Study material =

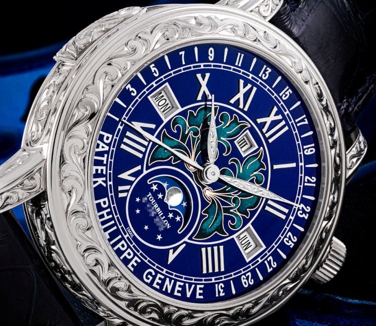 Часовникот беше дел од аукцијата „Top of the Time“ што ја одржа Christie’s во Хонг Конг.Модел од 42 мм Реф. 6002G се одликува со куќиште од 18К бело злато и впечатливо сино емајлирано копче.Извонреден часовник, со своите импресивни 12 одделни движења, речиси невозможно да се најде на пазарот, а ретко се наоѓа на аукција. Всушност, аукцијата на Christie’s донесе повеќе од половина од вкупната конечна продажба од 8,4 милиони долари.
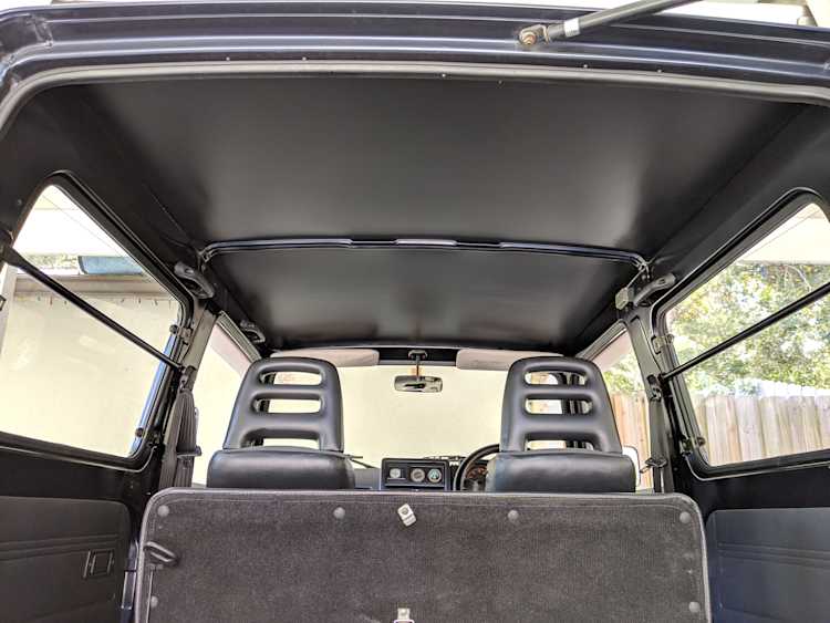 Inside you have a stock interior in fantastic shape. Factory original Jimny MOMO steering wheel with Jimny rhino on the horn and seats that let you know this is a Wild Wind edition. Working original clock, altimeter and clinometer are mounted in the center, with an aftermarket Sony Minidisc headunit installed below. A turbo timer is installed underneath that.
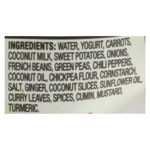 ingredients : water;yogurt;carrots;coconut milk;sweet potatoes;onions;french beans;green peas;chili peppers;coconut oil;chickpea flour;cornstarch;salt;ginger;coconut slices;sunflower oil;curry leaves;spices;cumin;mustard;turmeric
--
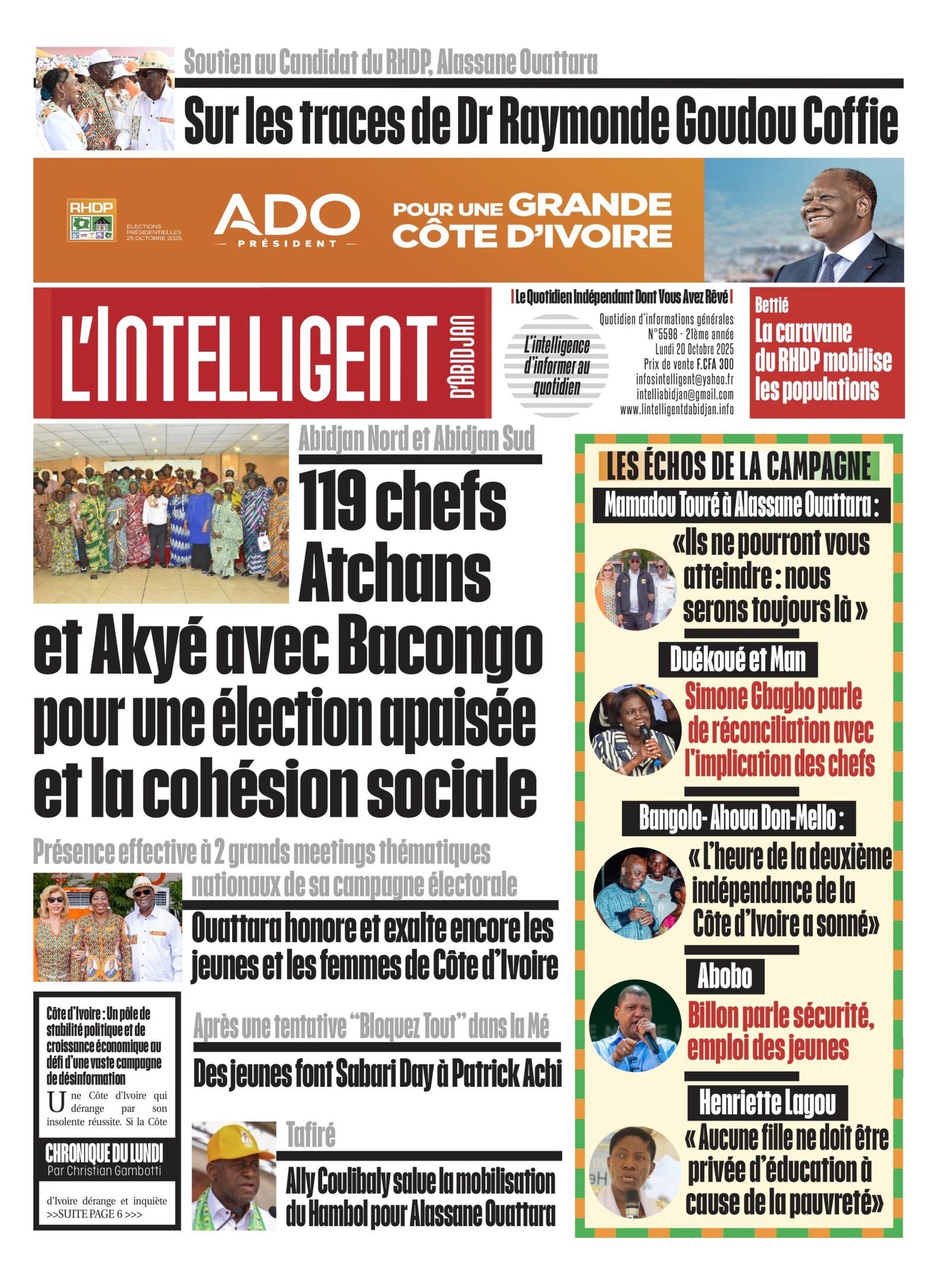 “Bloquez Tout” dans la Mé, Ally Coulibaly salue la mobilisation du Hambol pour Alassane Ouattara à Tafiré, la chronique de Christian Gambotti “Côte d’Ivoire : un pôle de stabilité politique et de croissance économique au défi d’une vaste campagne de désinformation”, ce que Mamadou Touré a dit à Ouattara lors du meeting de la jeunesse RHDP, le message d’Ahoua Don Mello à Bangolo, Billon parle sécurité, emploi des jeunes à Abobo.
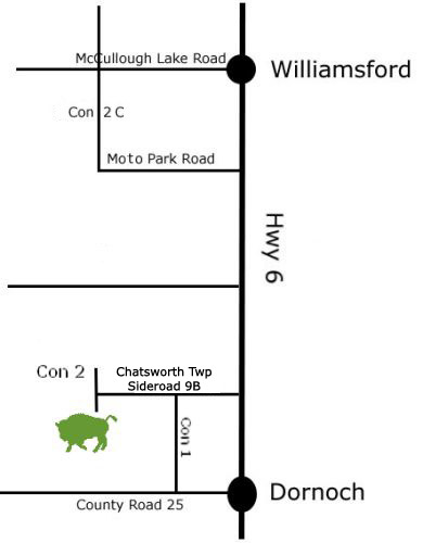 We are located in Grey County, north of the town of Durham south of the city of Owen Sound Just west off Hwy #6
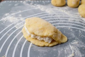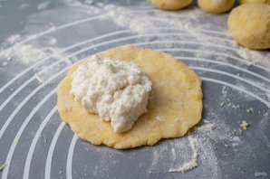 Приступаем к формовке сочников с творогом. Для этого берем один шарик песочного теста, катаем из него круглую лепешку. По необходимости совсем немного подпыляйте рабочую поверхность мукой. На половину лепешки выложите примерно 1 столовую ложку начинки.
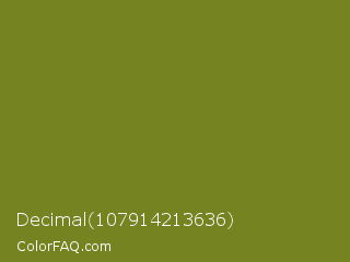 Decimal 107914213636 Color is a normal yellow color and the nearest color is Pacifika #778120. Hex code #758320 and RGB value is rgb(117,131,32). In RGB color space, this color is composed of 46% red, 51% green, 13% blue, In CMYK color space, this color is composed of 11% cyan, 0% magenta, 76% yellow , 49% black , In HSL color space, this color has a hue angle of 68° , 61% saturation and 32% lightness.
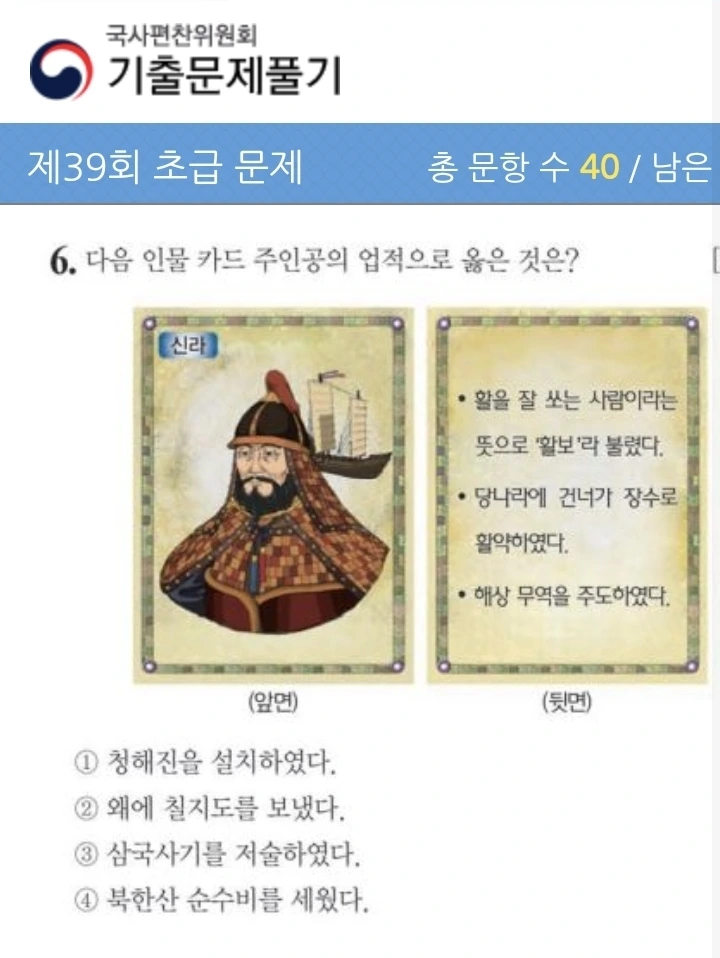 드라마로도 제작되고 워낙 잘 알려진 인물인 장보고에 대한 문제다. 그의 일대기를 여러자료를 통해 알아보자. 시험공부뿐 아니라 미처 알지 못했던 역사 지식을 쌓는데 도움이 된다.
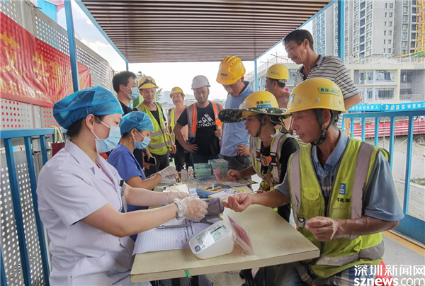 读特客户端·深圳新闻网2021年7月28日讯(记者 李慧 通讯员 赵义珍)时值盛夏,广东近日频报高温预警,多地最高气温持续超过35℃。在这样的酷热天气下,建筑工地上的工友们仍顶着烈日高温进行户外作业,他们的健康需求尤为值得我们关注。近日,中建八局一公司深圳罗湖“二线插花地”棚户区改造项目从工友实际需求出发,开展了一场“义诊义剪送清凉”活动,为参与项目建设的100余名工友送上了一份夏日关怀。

Task statement = Give again, exactly as written above, every line from the one holding "Inside you have" to the one holding "ingredients : water;yogurt;carrots;coconut", with both ends kept and the pictures left out.

Answer for the task =
 Inside you have a stock interior in fantastic shape. Factory original Jimny MOMO steering wheel with Jimny rhino on the horn and seats that let you know this is a Wild Wind edition. Working original clock, altimeter and clinometer are mounted in the center, with an aftermarket Sony Minidisc headunit installed below. A turbo timer is installed underneath that.
 ingredients : water;yogurt;carrots;coconut milk;sweet potatoes;onions;french beans;green peas;chili peppers;coconut oil;chickpea flour;cornstarch;salt;ginger;coconut slices;sunflower oil;curry leaves;spices;cumin;mustard;turmeric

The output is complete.